You should see a console output of the bandwith, complexity, and execution time for each layer. You can access a GUI version of the same information on output.gv.svg and output_report.html.


3. Fine tune

Notice how the Inception 4a, 4b, 4c, and 4d layers are the most complex layers, and they take quite a long time to do a forward pass. Theoretically, deleting these layers should give a 20-30 ms increase in performance, but what would happen to the accuracy? Let’s retrain with custom/deploy.prototxt.

Below is a pictorial representation of the changes I made to bvlc_googlenet/org/train_val.prototxt. I used CAFFE_PATH/python/ to plot my networks. Netscope is another good online tool to plot Caffe-based networks.

cd ~/workspace/ncappzoo/apps/dogsvscats/bvlc_googlenet/org
python $CAFFE_PATH/python/ train_val.prototxt train_val_plot.png

cd ~/workspace/ncappzoo/apps/dogsvscats/bvlc_googlenet/custom
python $CAFFE_PATH/python/ train_val.prototxt train_val_plot.png

GoogLeNet customization

# The helper scripts use $CAFFE_PATH to navigate into your caffe installation directory.
cd ~/workspace/ncappzoo/apps/dogsvscats

# Start training session
$CAFFE_PATH/build/tools/caffe train --solver bvlc_googlenet/custom/solver.prototxt 2>&1 | tee bvlc_googlenet/custom/train.log

Notice that I am not doing transfer learning (no --weights flag). Why, do you suppose? The weights from a pretrained network are tied to that specific network architecture. We made a drastic change to the original GoogLeNet architecture by deleting inception layers, so transfer learning might not yield good results.
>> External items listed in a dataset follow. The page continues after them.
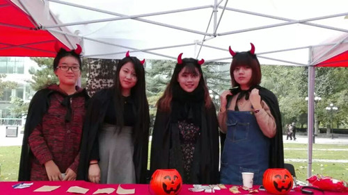 金秋送爽,秋风习习。2015年10月25日,在秋日的暖阳里我们迎来了北航63年诞辰。在学院路校区如火如荼的校庆嘉年华外场活动中,beat365英国官方网站特此举办万圣节主题活动。13级同学身穿万圣节服饰,手持南瓜灯分发糖果,吸引了许多人参与活动以及合影留念,现场气氛热烈。展棚主题活动包括“南瓜飞镖”和“Say Hi”两种互动游戏,参与者既可以感受节日的快乐也可以从中学到外语知识。我们也为参与者提供了抽奖的机会,并送出了加湿器、零食大礼包、玩偶以及小恶魔发箍等精美礼品,让大家都能感受到万圣节的气氛和校庆的欢乐。
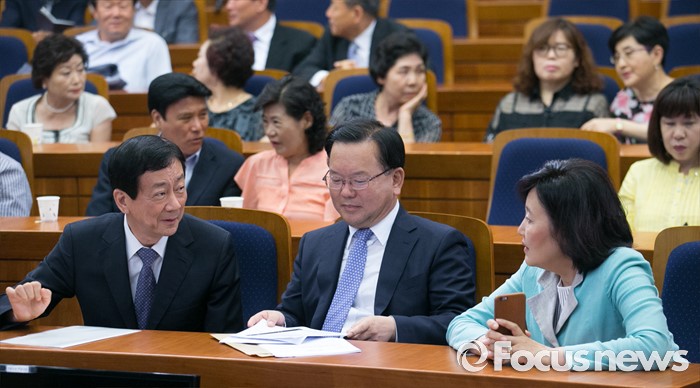 (서울=포커스뉴스) 18일 오후 서울 여의도 국회 헌정기념관에서 한국적 제3의 길 후원으로 열린 '개헌을 말하다 의원 대담, 어떤 헌법인가?'에 참석한 박영선(오른쪽부터), 김부겸, 진영 더불어민주당 의원이 대화하고 있다.
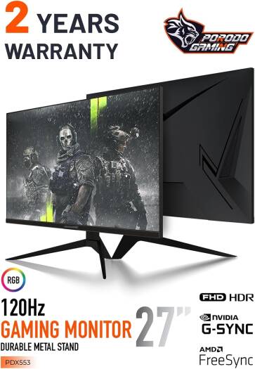 Porodo Gaming Monitor, 27″ Inch 120Hz FHD CSOT LED Display, 5.5 MS Overdrive Function Response Time, Metal Stand, RGB Lighting, Borderless Design, 16.7M Display Colors, UK Plug, Black | PDX553
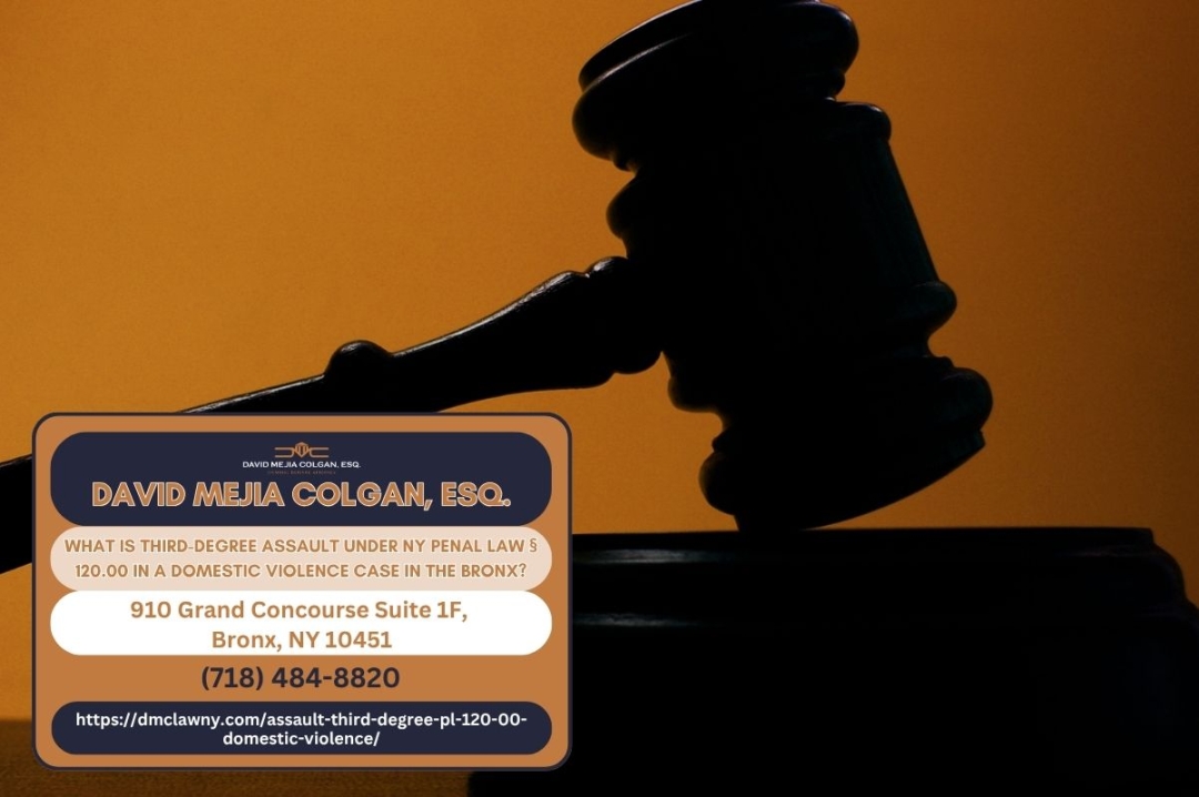 BRONX, NY - A third-degree assault charge under New York Penal Law Section 120.00 is a Class A misdemeanor carrying up to 364 days in jail, three years of probation, and fines up to $1,000, but when the charge arises from a domestic violence incident, the consequences extend far beyond criminal penalties. Bronx domestic violence defense attorney David Mejia Colgan of David Mejia Colgan, Esq. (https://dmclawny.com/assault-third-degree-pl-120-00-domestic-violence/) is providing guidance on how these charges are prosecuted in the Bronx and the defenses available to those accused.
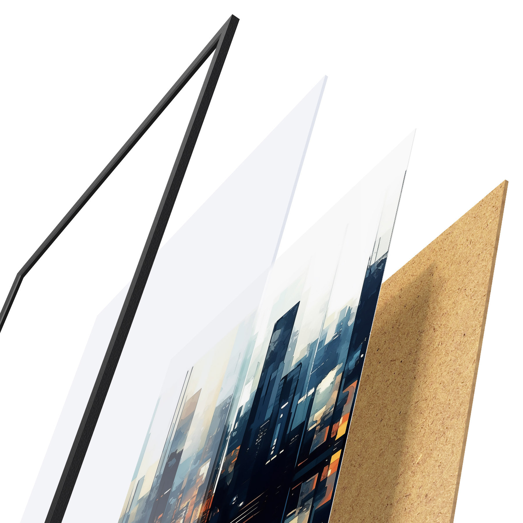 Le poster se compose d'un cadre, d'un plexiglas, d'une image imprimée et d'un support en aggloméré. Le poster peut être immédiatement accroché au mur grâce aux fixations au dos.
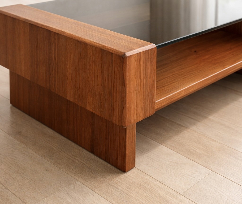 A small area of veneer wear on the bottom side of the coffee table has been mitigated; it does not affect structure, stability, or visible presentation

This training session will definitely be longer than a single coffee or beer break, so be patient. Once training is done, we can rerun mvNCProfile to analyze our custom neural network.

cd ~/workspace/ncappzoo/apps/dogsvscats/model
mvNCProfile -s 12 dogsvscats-custom-deploy.prototxt -w dogsvscats-custom.caffemodel

ls -l graph
-rw-rw-r-- 1 ashwin ashwin 8819152 Dec 24 17:26 graph

Customized GoogLeNet

Looks like our custom model is 21.26 ms faster and is 3 MB smaller when compared to the original GoogLeNet. But how does this affect the network’s accuracy? Let’s plot the learning curve for the training sessions before and after customization.

# The helper scripts use $CAFFE_PATH to navigate into your Caffe installation directory.
cd ~/workspace/ncappzoo/apps/dogsvscats/bvlc_googlenet/org

# Plot learning curve
python $CAFFE_PATH/tools/extra/ 2 bvlc_googlenet_train.png train.log

Plot the custom network’s learning curve in another terminal.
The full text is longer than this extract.